**DIRECTIONS**
With pictures left out, output exactly the lines of the listing below from the line that has "- Go to Computer" to the line that has "leather-collar single-breasted blazer", both lines kept.

**INPUT**
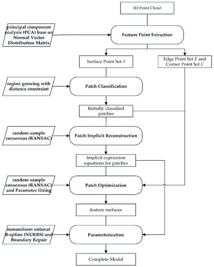 The proposed method uses PCA based on the normal vector distribution matrix to classify feature points as surface, edge, or corner points. For the set of surface points, the region growing method with a distance constraint is applied to obtain divided patches. These patches can be classified as regular quadratic, complex, and free-form surfaces according to their shape. In this study, we apply implicit and parametric surface models to reconstruct the feature surface. First, the RANSAC algorithm is used to analyze the implicit expression on patches, and the remaining edge and corner points that are not classified are substituted into the implicit expression to expand the patches. Second, the patches that fail to find a surface are expanded based on the distance constraint in the unclassified point space. Finally, the discrete point set of completely expanded patches is fitted using NURBS. The flowchart of the proposed method, called multistep segmentation and optimization (MSSO), is shown in Figure 1.
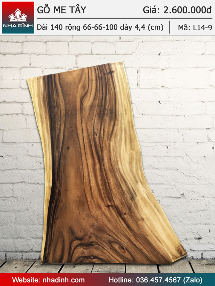 Mặt bàn gỗ Me Tây nguyên khối dài 140 rộng 66-66-100 dày 4,4 (cm)
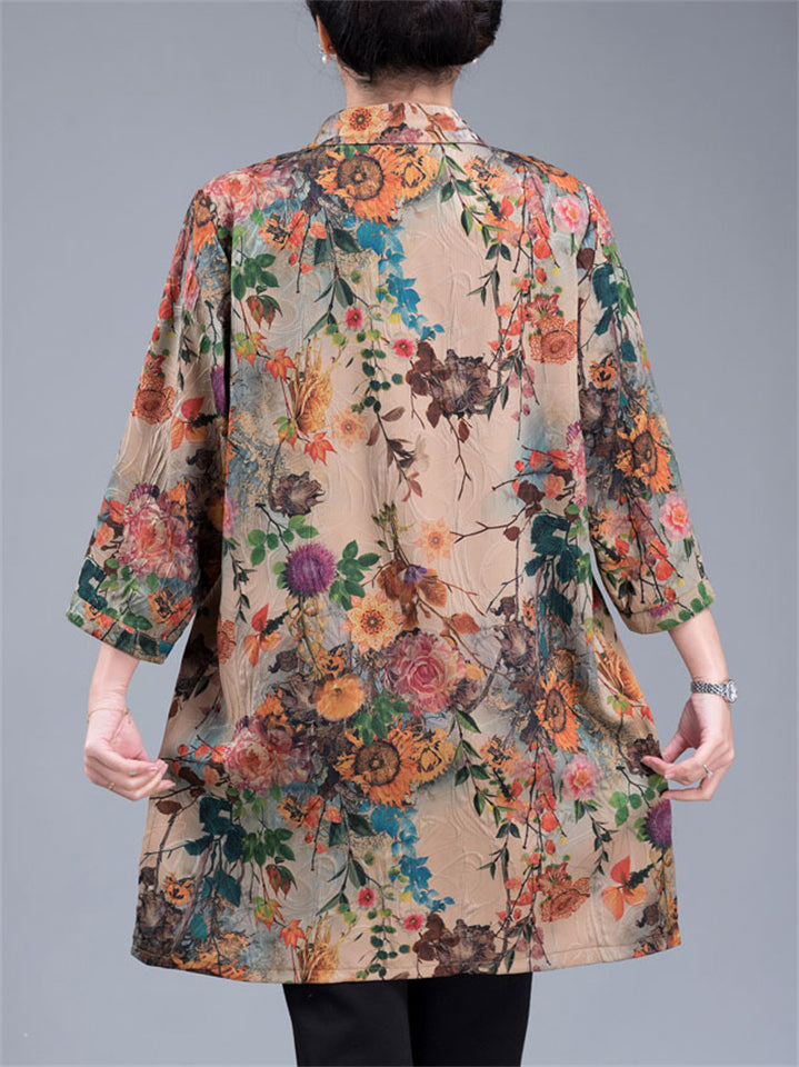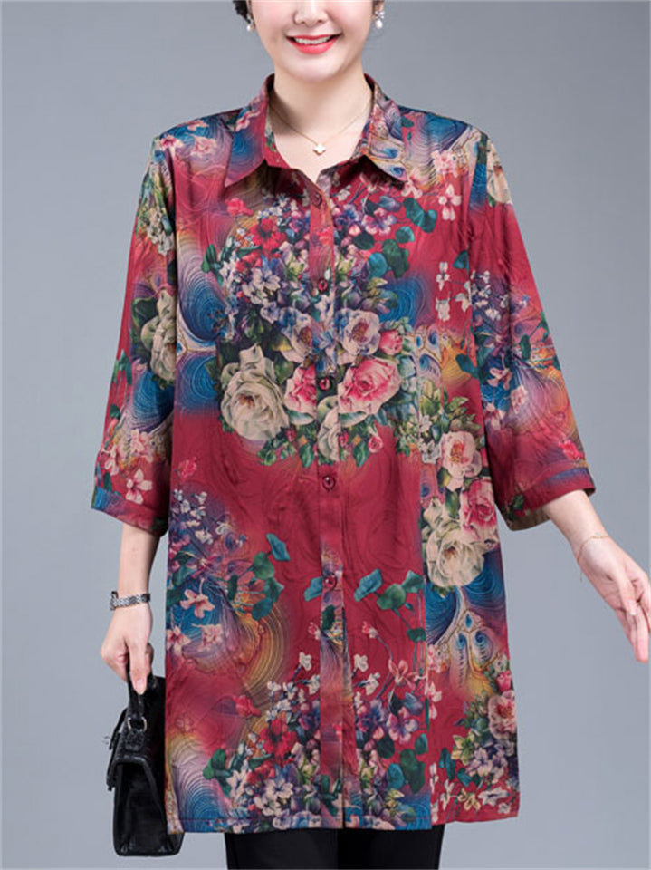 Plus Size Summer Floral Print 3/4 Sleeve Shirt for Women
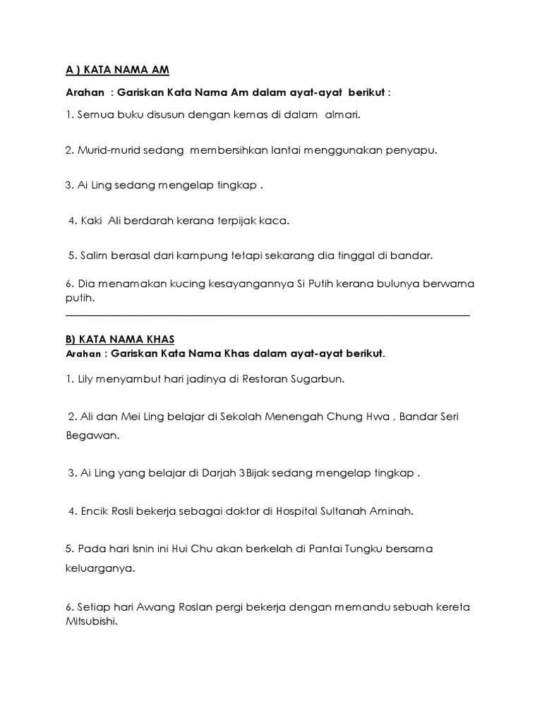* huruf pertama bagi setiap perkataan ditulis dengan huruf besar. Add to my workbooks (1) Digunakan untuk menyebut nama sesuatu benda. Kata nama am digunakan untuk menamakan sesuatu benda orang binatang dan tempat secara umum. Latihan kata nama am dan khas tahun 5 nota sains . Myguru merupakan portal pembelajaran yang dibina selaras dengan keperluan silibus pelajar tahun 1 hingga tingkatan 5. Interactive worksheet latihan buku aktiviti bm tahun 3 ms 6. 10 suami isteri isteri suami suami isteri isteri suami suami 9 7 5 3 isteri 1 2 4 6 8 10 meja khas suami isteri duduk berjauhan dan berselang . ( ) seekor binatang yang pintar lagi bijak. Latihan kata nama am dan kata nama khas tahun 2 kuiz rancangan mainan. Interactive worksheet kata nama am dan kata nama khas. Ayah menghadiahi abang sebuah motosikal .
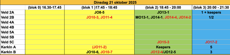 Deze week (herfstvakantie) geven we dagelijks een update van het trainingsschema. Hierbij is rekening gehouden met de beperkte belastbaarheid van de natuurvelden. In het rood zijn teams vermeld die niet gaan trainen.
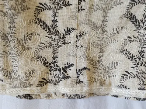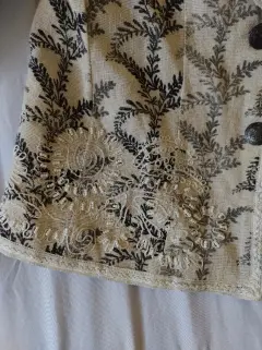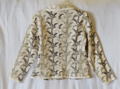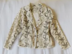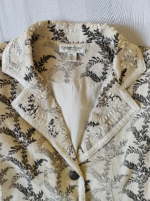 Blazer bordado COLDWATER CREEK. Bello blazer elaborado en algodón con textura de lino (muy fresco), con forro, muy ligero, el color es crudo natural, cercano a la primera imagen, estampado de hojas y bordado, en las orillas tiene aplicación bordada, como último detalle piedras blancas en la parte delantera. Dice talla SP, si eres talla 7 también te queda, que está entre la S y la M.
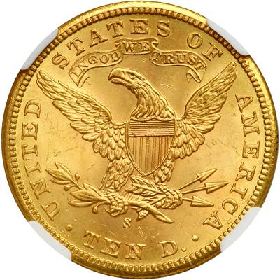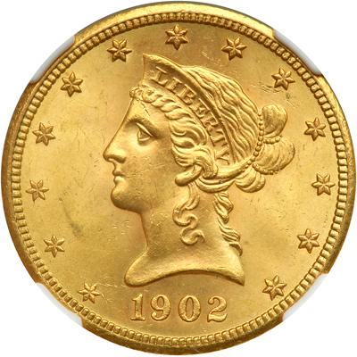 1902-S $10 Liberty. NGC graded MS-64. Well struck with lovely golden mint bloom colors on satiny mint surfaces. A worthwhile addition to ones U.S. Gold Type set (PCGS # 8751) .
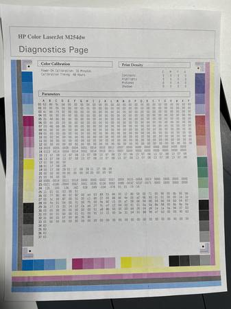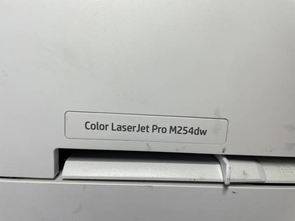 In good condition. Supplies are low and will need new toner soon. Has faint vertical streak but should go away once toner is replaced.
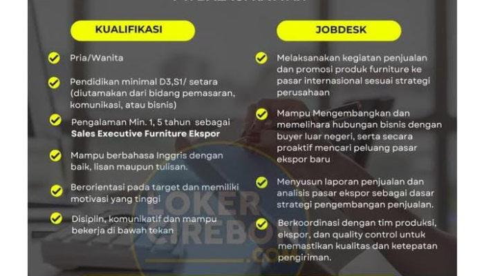Berikut adalah kriteria yang dibutuhkan untuk mengisi posisi Loker Sales Ekspor Cirebon:
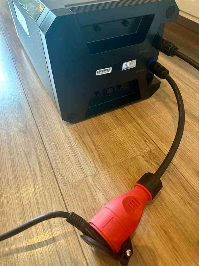 Die netzunabhängige Steckdose unterstützt auch den Anschluss von Solarmodulen über einen Mikro-Wechselrichter. Wir haben dies erfolgreich mit unserem APsystems EZ1-M und zwei 440-Wp-Solarmodulen getestet. Wenn die HiBattery an das Hausnetz angeschlossen ist, wird die Batterie über den Mikro-Wechselrichter aufgeladen, während gleichzeitig Geräte an derselben netzunabhängigen Steckdose mit Strom versorgt werden. Auch im Inselbetrieb (bei Stromausfall oder an Standorten ohne Netzspannung) funktioniert dieses System einwandfrei; Laden und Verbrauch über den Off-Grid-Anschluss sind dann beide möglich. Dazu muss jedoch in den Einstellungen der Batterie der EPS-Modus aktiviert werden.
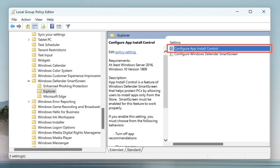 - Go to Computer Configuration > Administrative Templates > Windows Components > Windows Defender SmartScreen > Explorer and double-click the Configure App Install Control policy.
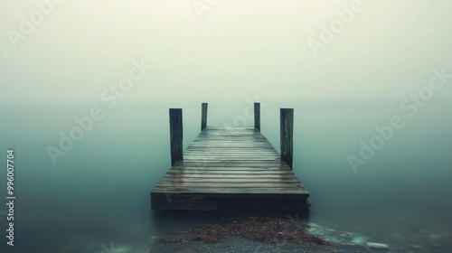 © Rere_Art151, Obraz premium A Wooden Dock Extending into a Foggy Lake
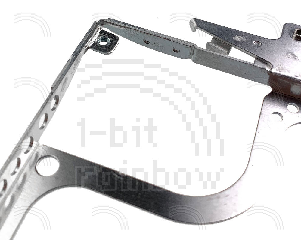 Original Apple display chassis for all models of iBook G3 Clamshell that have an IBM LCD. It includes the sleep magnet and the two black rubber blocks that support the sleep light and LVDS connector. The inverter board, LCD panel, sleep light board, and airport antenna board all mount onto this chassis.
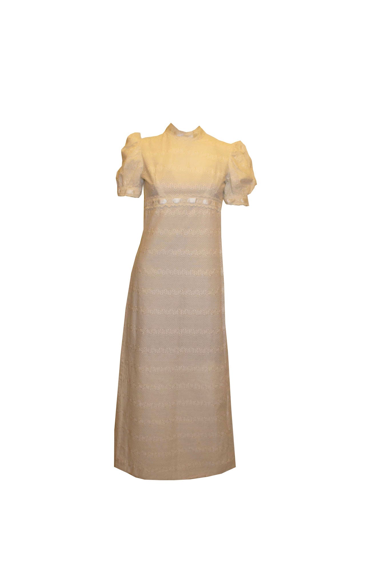 A stunning vintage gown by California , perfect for a Summer party or wedding. The dress has puff sleaves, a back central zip and A line skirt.
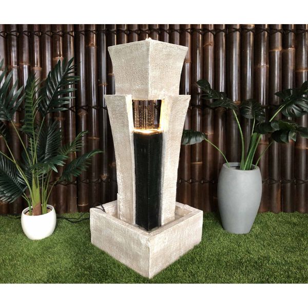 Modern Design: The fountain has a sleek, contemporary design with a minimalist pillar structure, making it a statement piece for modern landscapes.
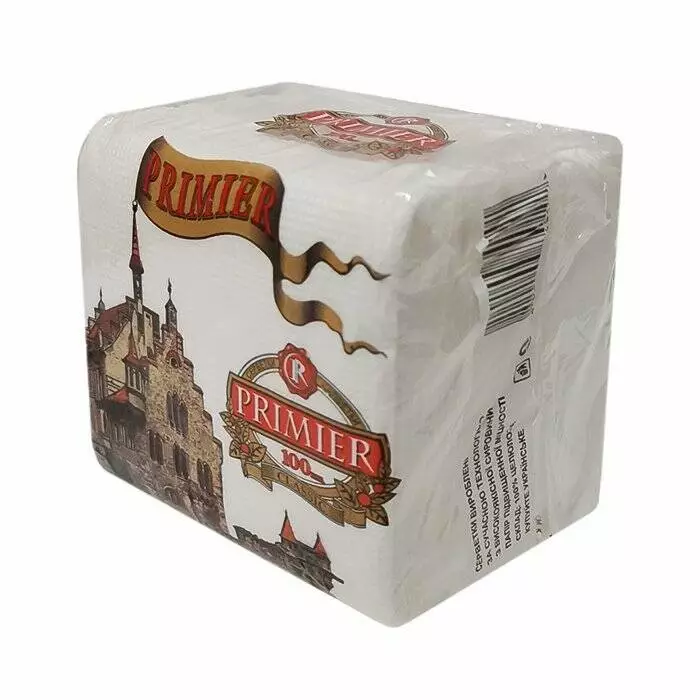 Серветки паперові Primier, одношарові, целюлозні, 240х240 мм.
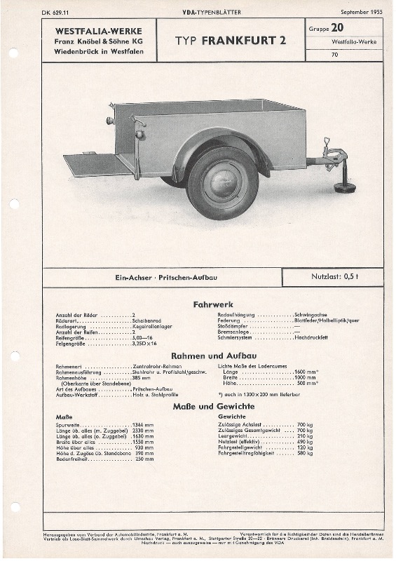 Westfalia Anhänger Typ Frankfurt 1955
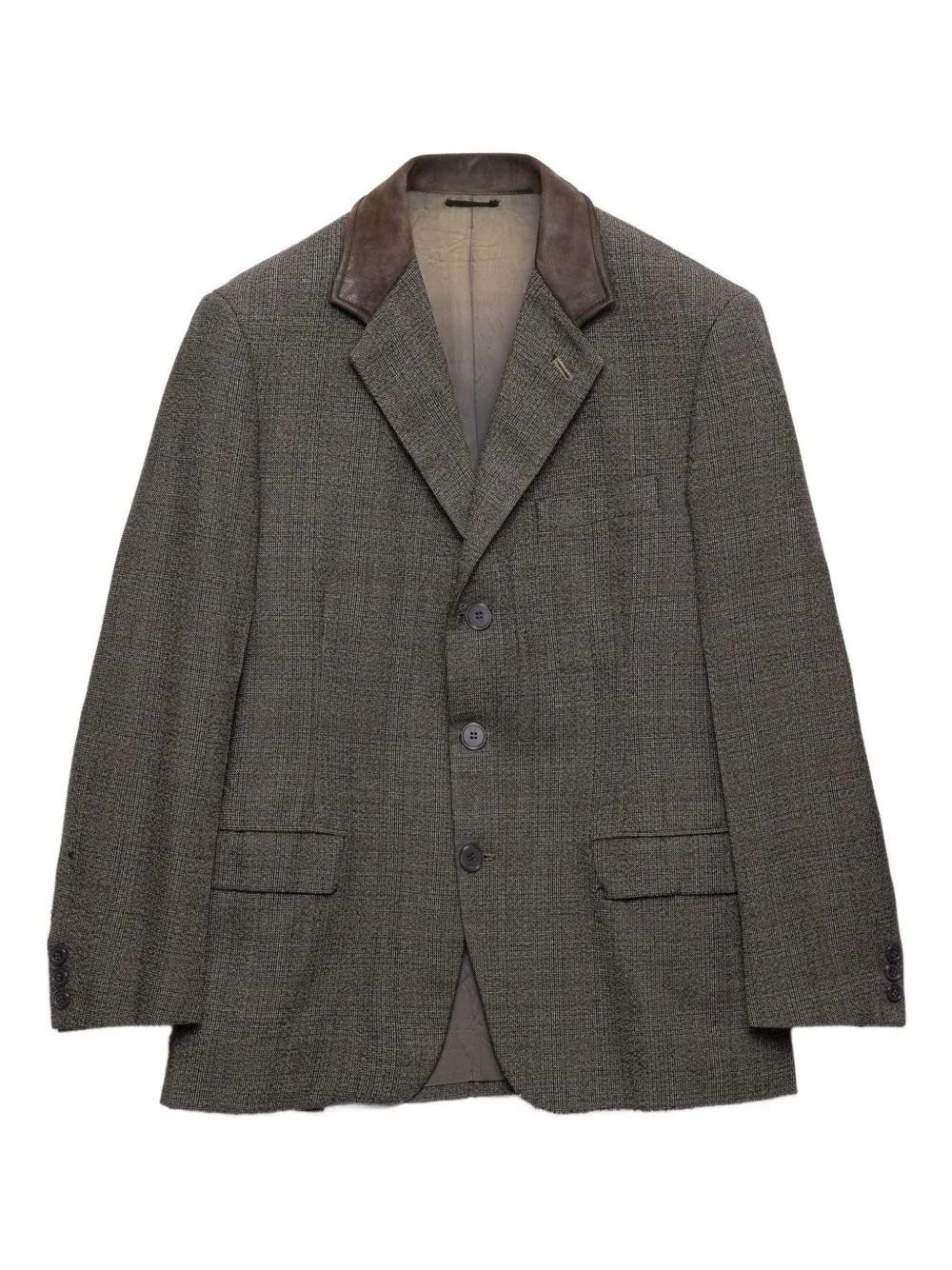 leather-collar single-breasted blazer Highlights - Grey - Leather collar - Triangle logo - Three-button closure - Buttoned cuffs - Flap pockets Composition Virgin Wool 100%, Calf Leather 100%, Mother of Pearl 100% Washing instructions Read Manufacturer Guidelines
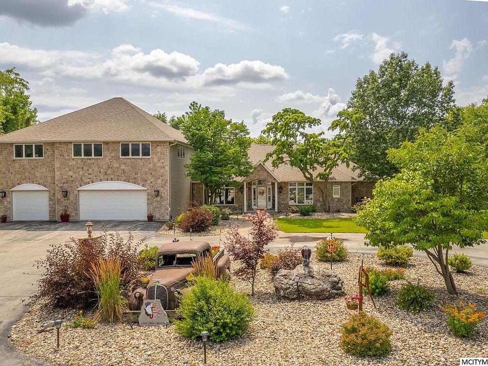 A Unique Gem! You’ll never want to leave this contemporary 5 bed, 4 1/2 bath home once you step inside. The formal dining and living areas feature Woodharbor Cherry built-ins, vaulted and tray ceilings, along with a two-sided fireplace to create a warm welcome. The open floor plan enhances the flow throughout. The state-of-the-art Woodharbor kitchen features cherry cabinets, a wine hutch, pull-out shelves, pantry, dining area, and a bar counter for six, opening up to a serene three-sided glass four-seasons room. The main level primary boasts cherry built-ins, a spacious walk-in closet, and large whirlpool bath with a bay window. Featuring stunning natural views through the west-facing windows at the back of the home with a newer 30x40 heated shop with all the extras. Enjoy your 2 acre, professionally landscaped property with 2 patios & a circular driveway. The treed backyard includes a terraced walkway leading to the Winnebago River. Get a complete list of updates on your new HOME!
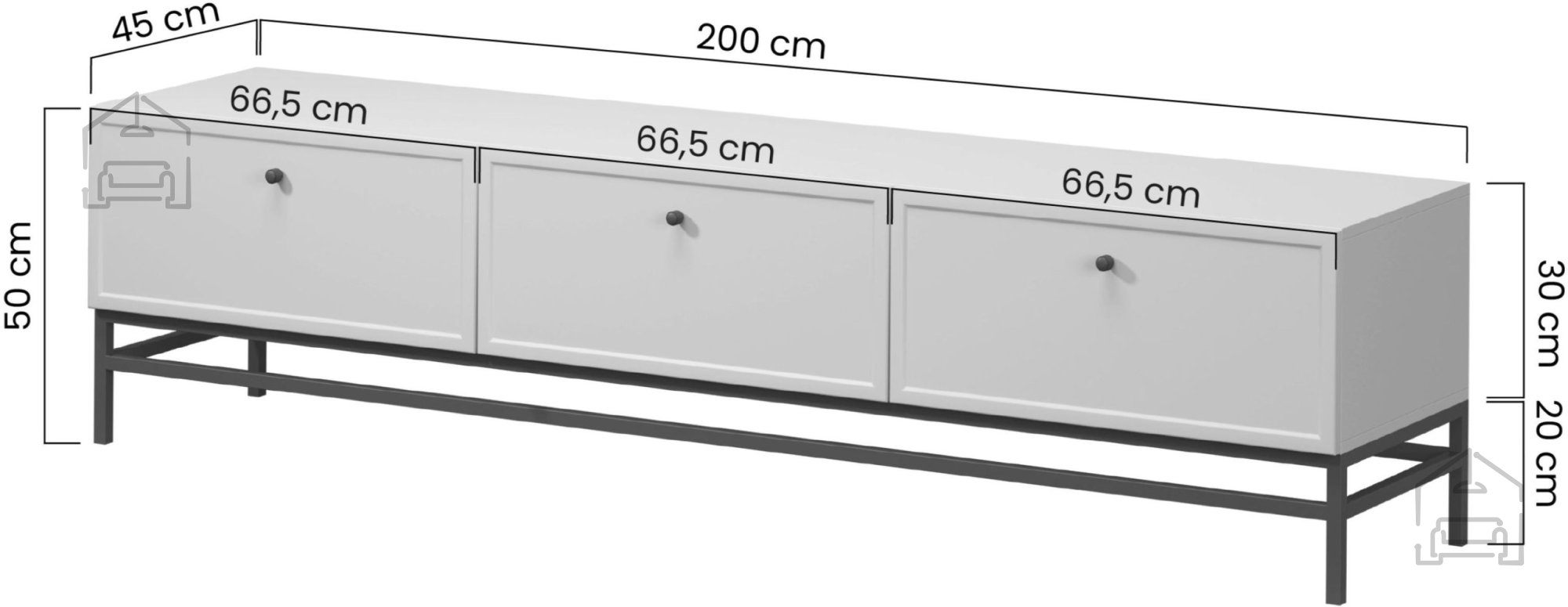 Komoda z dolžino 200 cm omogoča postavitev večjega televizorja in hkrati nudi dovolj prostora za druge predmete, kot so knjige, okrasni dodatki ali hišni sistemi za zvok. Višina 50 cm zagotavlja optimalno višino gledanja televizije z običajnega kavča, kar povečuje udobje uporabe.

**RESPONSE TO THE EXERCISE**
 - Go to Computer Configuration > Administrative Templates > Windows Components > Windows Defender SmartScreen > Explorer and double-click the Configure App Install Control policy.
 © Rere_Art151, Obraz premium A Wooden Dock Extending into a Foggy Lake
 Original Apple display chassis for all models of iBook G3 Clamshell that have an IBM LCD. It includes the sleep magnet and the two black rubber blocks that support the sleep light and LVDS connector. The inverter board, LCD panel, sleep light board, and airport antenna board all mount onto this chassis.
 A stunning vintage gown by California , perfect for a Summer party or wedding. The dress has puff sleaves, a back central zip and A line skirt.
 Modern Design: The fountain has a sleek, contemporary design with a minimalist pillar structure, making it a statement piece for modern landscapes.
 Серветки паперові Primier, одношарові, целюлозні, 240х240 мм.
 Westfalia Anhänger Typ Frankfurt 1955
 leather-collar single-breasted blazer Highlights - Grey - Leather collar - Triangle logo - Three-button closure - Buttoned cuffs - Flap pockets Composition Virgin Wool 100%, Calf Leather 100%, Mother of Pearl 100% Washing instructions Read Manufacturer Guidelines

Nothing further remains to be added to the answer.